通常、フィギュアの手や足といった末端のパーツは、胸の軸回転が○度、肩の上下が○度、加えて腕の屈伸が○度……と、骨格の根元(腰)から順番に各パーツの回転を足し合わせなければ、どの位置にあるか特定できない。したがって、ポージングは根幹のパーツから付けていくのが基本だ。

しかしそれでは、手を動かしたり歩いたりするようなポーズを付ける時に手間がかかって仕方がない。そこで考案されたのがインバースキネマティクス(以下IK)だ。IKは通常とは逆に、終端となるパーツの位置や角度を決定すると、そこに至るまでの各のパーツの角度を自動的に計算する。
PoserではIKはフィギュアにIKチェーンという情報を組み込むことによって実現している。標準的な階層構造を持つ多くのフィギュアは両手と両足にIKチェーンが組み込まれており、デフォルトでは足のIKが有効になっている。

さて、PoserでフィギュアにIKチェーンを組み込む際には、制作者が必ず注意しなければならない点がある。それが、「回転の優先方向」だ。

試みに、20センチぐらいのまっすぐな細い針金の両端を摘んで、そのまま両手を近付けていくさまを想像してみよう。手に少しの捻りも加えないまま位置だけを近付けて行くとしたら、あなたは針金がどの向きにぐにゃりと曲がるか予言できるだろうか。

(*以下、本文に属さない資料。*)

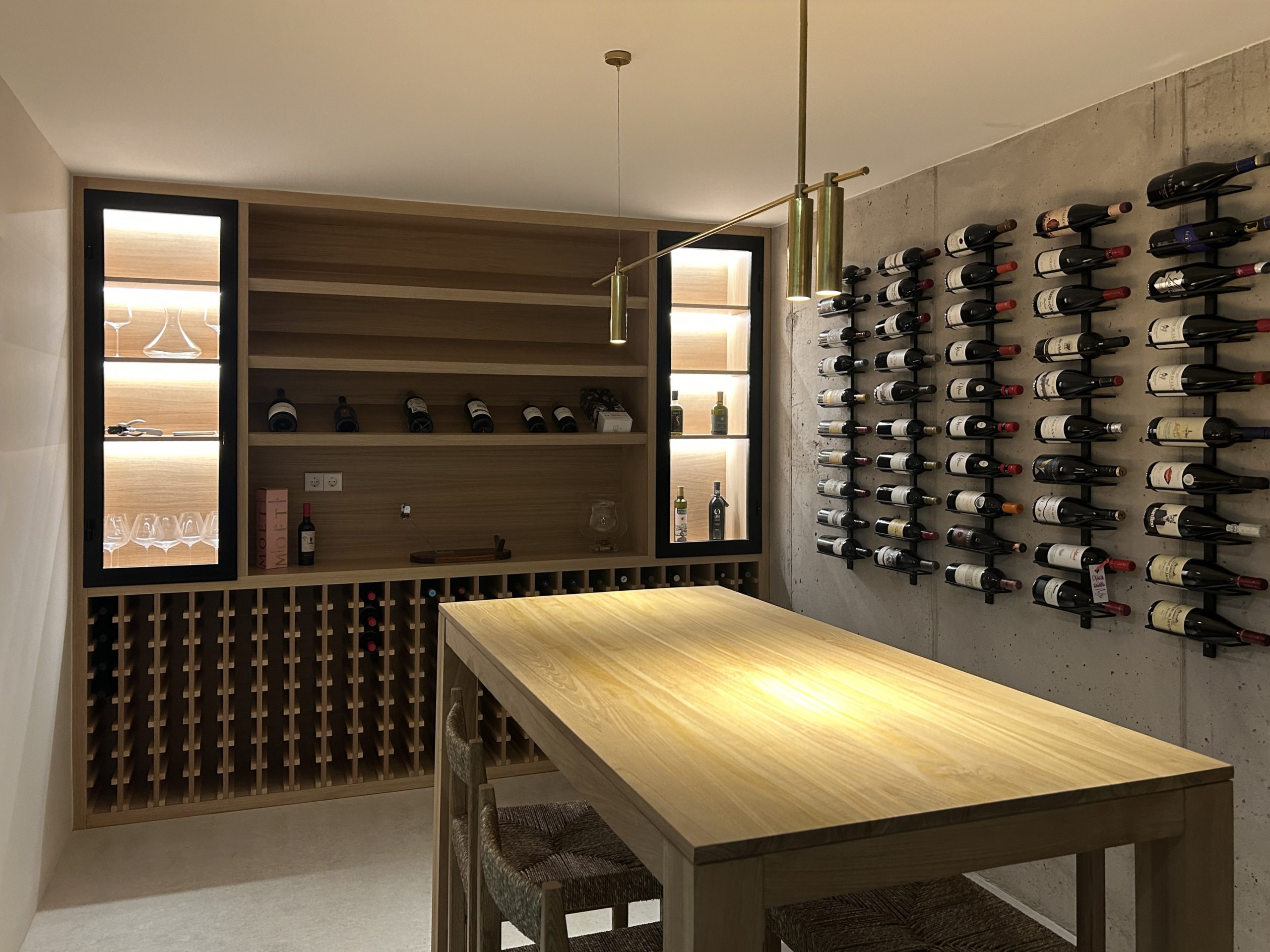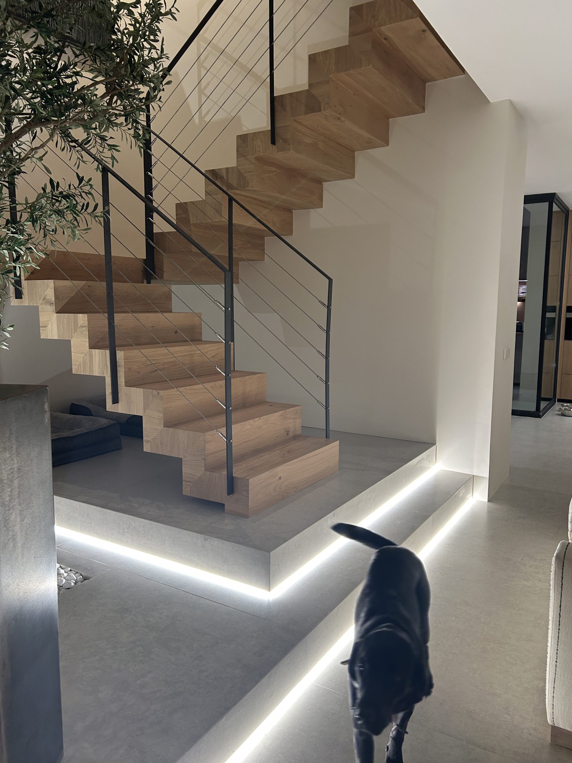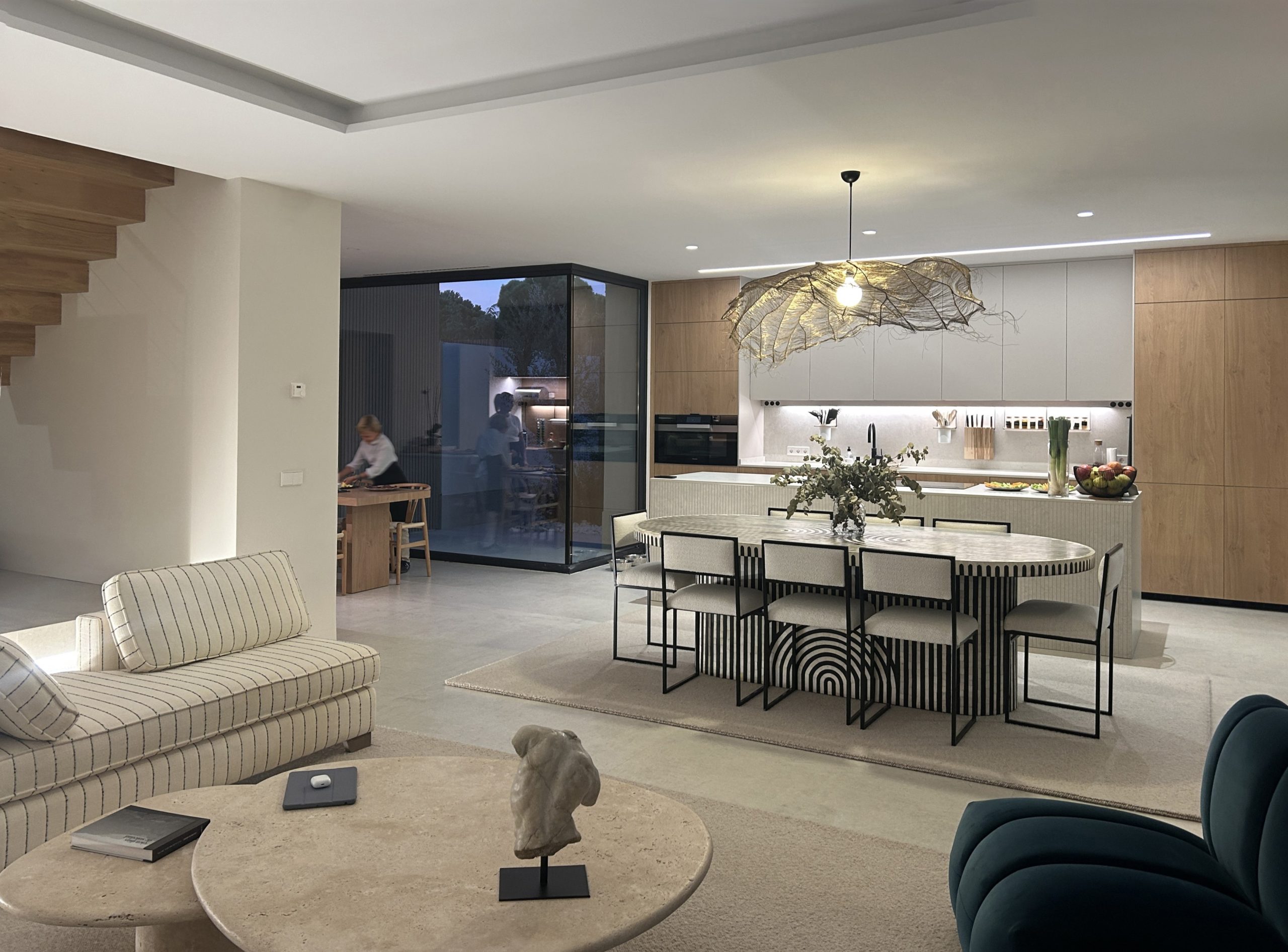 La organización interior se articula en torno a una escalera de madera en un espacio a doble altura, iluminado por un gran ventanal norte que aporta luz suave y constante, destacando su carácter ligero. Más que un elemento de circulación, la escalera estructura el espacio, relaciona los niveles y conecta visualmente salón y planta superior, aportando calidez frente a la geometría limpia. En el sótano, un patio inglés con lamas de madera regula la entrada de luz al gimnasio y la bodega, controla la iluminación y aporta privacidad sin perder conexión con el exterior.

IKでも、それと同じ問題が起こるのだ。もし、IKチェーンの各パーツが一直線上に結ばれているとしたら、コンピュータは両端の距離が縮まった時、各関節をどの方向に曲げるべきなのか判断できない。だから、IKチェーンを組み込んでいるパーツは、あらかじめ曲がって欲しい方向に若干回転している必要がある。前もって針金に折り目を付けておくようなものだ。

Poser標準フィギュアやDAZフィギュアが、ロード時に「だらしのない」格好になっているのはこのためである。そのままIKを有効にして手足のパーツをドラッグしても自然に曲がるように、ゼロフィギュア(各パーツの回転値が0)ではなく、曲がって欲しい方向に値を入れてあるのだ。

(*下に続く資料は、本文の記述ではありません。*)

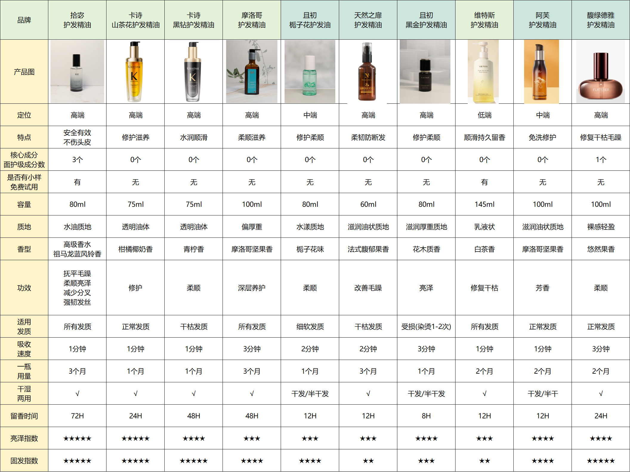 市面上部护发精油具体对比表: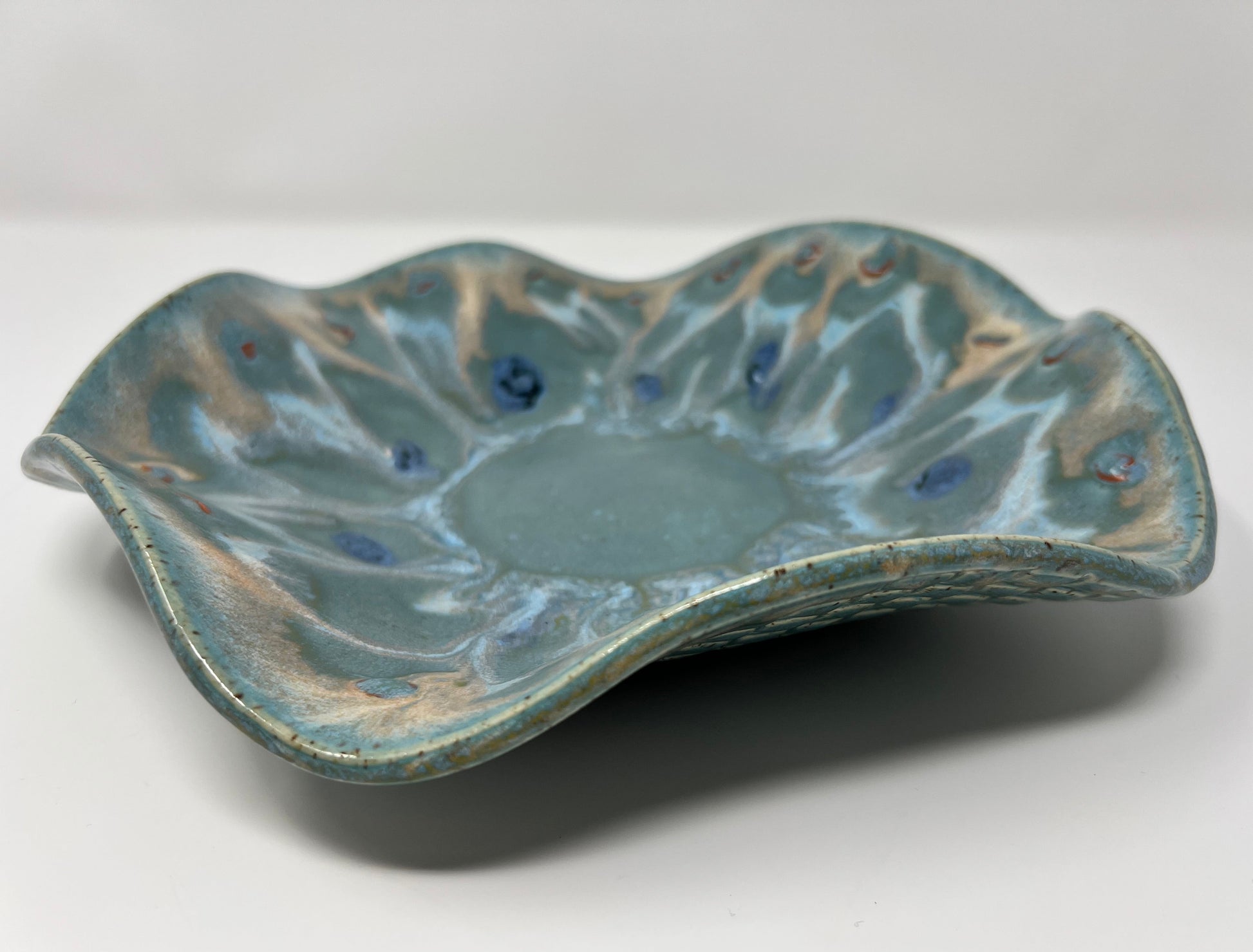 This small hand-built wavy bowl from our Coastal Drift series brings soft shoreline colors into your home in a compact, display-ready size. Layers of ocean-green, sea-glass aqua, and warm toast-beige melt and drift toward the center, echoing the way water pulls across stone. Raised glaze accents create subtle textured “drops” around the inner band, adding movement and depth in the same flowing style as the larger Coastal Drift bowl.
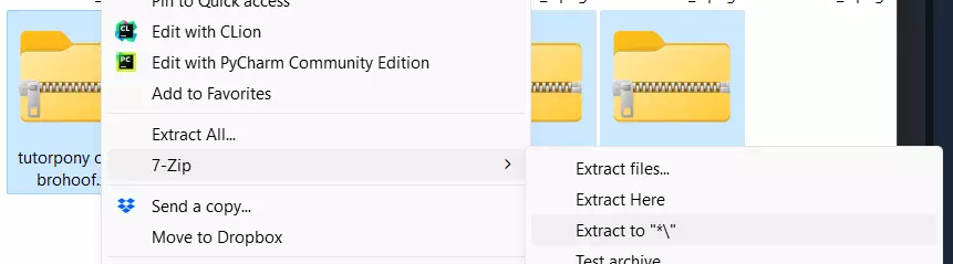 之后,如果你还想添加其他姿势或面部表情,尽管尽情尝试。但需要注意,无法保证它们都能正确导出。不知为何,小马创建器在导出闭眼等特定效果的OBJ文件时表现不佳。不过你可以多做尝试,看看哪些能成功导出,也许你会比我运气好。如果你制作了自定义姿势,记得同时下载对应的小马存档。 完成这一步后,你将得到3到6个(也可能更多)压缩文件,每个文件包含大约24个文件。不过不用担心,我们很快就会整理好这些文件。 步骤0.5:提取并清理导出文件 选中所有压缩文件,右键点击,使用7-zip,点击“解压到当前文件夹”来提取所有文件。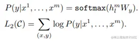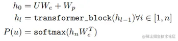 具体方法是代入 Transformer 模型,下式中的模型由 L 组隐藏层组成,最初输入隐藏层的数据是词编码 U 乘词嵌入参数 We 加上位置参数 Wp;后面经过 L 个层(如上图左侧的 Transformer 组)处理。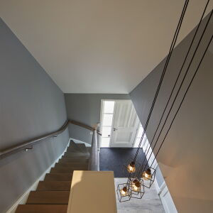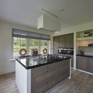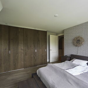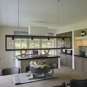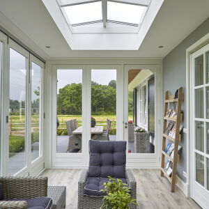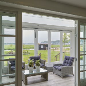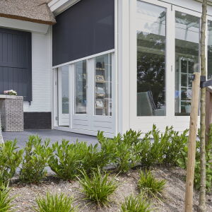 Aan de achterzijde is een tuinkamer ontworpen voorzien van glazen panelen welke in de zomer geheel opengeschoven kan worden waardoor er een veranda ontstaat.

実際には、JessiやMikiに対してDAZフィギュアの方が明らかにガニ股だったりと、初期状態で入っている回転値はフィギュア毎に異なる。曲げる分にはどれだけ曲がっていても構わないのだが、最低限曲げておかなければいけない値というのは、フィギュア毎に異なるのだ。それは、フィギュアによってボーンの角度(各パーツのcenter)が異なるためである。

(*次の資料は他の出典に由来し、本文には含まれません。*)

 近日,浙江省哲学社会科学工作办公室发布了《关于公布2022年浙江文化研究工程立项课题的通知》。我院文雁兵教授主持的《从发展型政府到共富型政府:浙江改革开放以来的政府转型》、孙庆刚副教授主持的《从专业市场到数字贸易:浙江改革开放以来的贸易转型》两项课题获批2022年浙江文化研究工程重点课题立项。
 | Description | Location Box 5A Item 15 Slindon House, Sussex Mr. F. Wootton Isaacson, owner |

極端な例だが、ゼロフィギュア状態で下図の様になるフィギュアがあったとしよう。IKを有効にして腰を落としたら、足はどのように曲がるだろうか。

070908-1

まずもって当たり前だが、コンピュータはIKの計算をする時にパーツの形状など考慮しない(してくれたら有り難いけど)。したがって、腰を落とすとボーンはこのように屈伸する。

070908-2

これを人間の足のように屈伸させるには、少なくとも膝関節が垂直より左側にくるように曲げておかなければならない。

070908-3

これは横方向から見た場合だが、正面方向から見た場合についても同じことが言える。

ロード直後の状態にこのような配慮がされていないフィギュアは、IKをそのまま使用すると、ありえない方向に曲がってしまう。また、Poser標準フィギュアであろうがDAZフィギュアであろうが、ゼロフィギュアにしたり関節を逆方向に曲げてからIKを使用すれば、当然ありえない屈伸をすることになる。

この「あらかじめ回転値を入れておく」ということは、マニュアルにもしっかり記述されているように、製作者がIKチェーンを持つフィギュアを作る際に留意しておかなければならない点だ。しかし残念ながら、流布しているフィギュアの中にはそれを失念してしまっているようなものもある。

その中には単に「知らないからやってなかった」という以外にも、いくつかの意図があるのだろう。ロード時のポーズ(1フレーム目の値)を設定しておく場合は、「復元」がかかった時のことを考えて初期値に同じ値を入れておくことが多い。しかし、初期値に値が入っているということは、そのボーンをそのまま流用して服を作った場合に「着用」で初期値の値が入ってしまうことになる。これを服作りの障害と見なす製作者もいるかもしれない。また、フィギュアがみっともないガニ股でロードされるのを嫌がる製作者もいるかもしれない。

だが、そもそも初期値に0以外の値が入ったボーンを流用すること自体が、服作りとしては減点だろう。初期値に0を入れるのは10秒もあればできる作業である。そこをフィギュア製作者が考慮する必要はないはずだ。Blankフィギュアを用意するという手もある。また、ロード時の見た目がいくらアレだろうと、それ自体がフィギュアの人気になんら影響を与えないことは、びっきさんが既に証明していることだ。

IKを使うならガニ股で。フィギュア製作者もユーザーも忘れないようにしよう。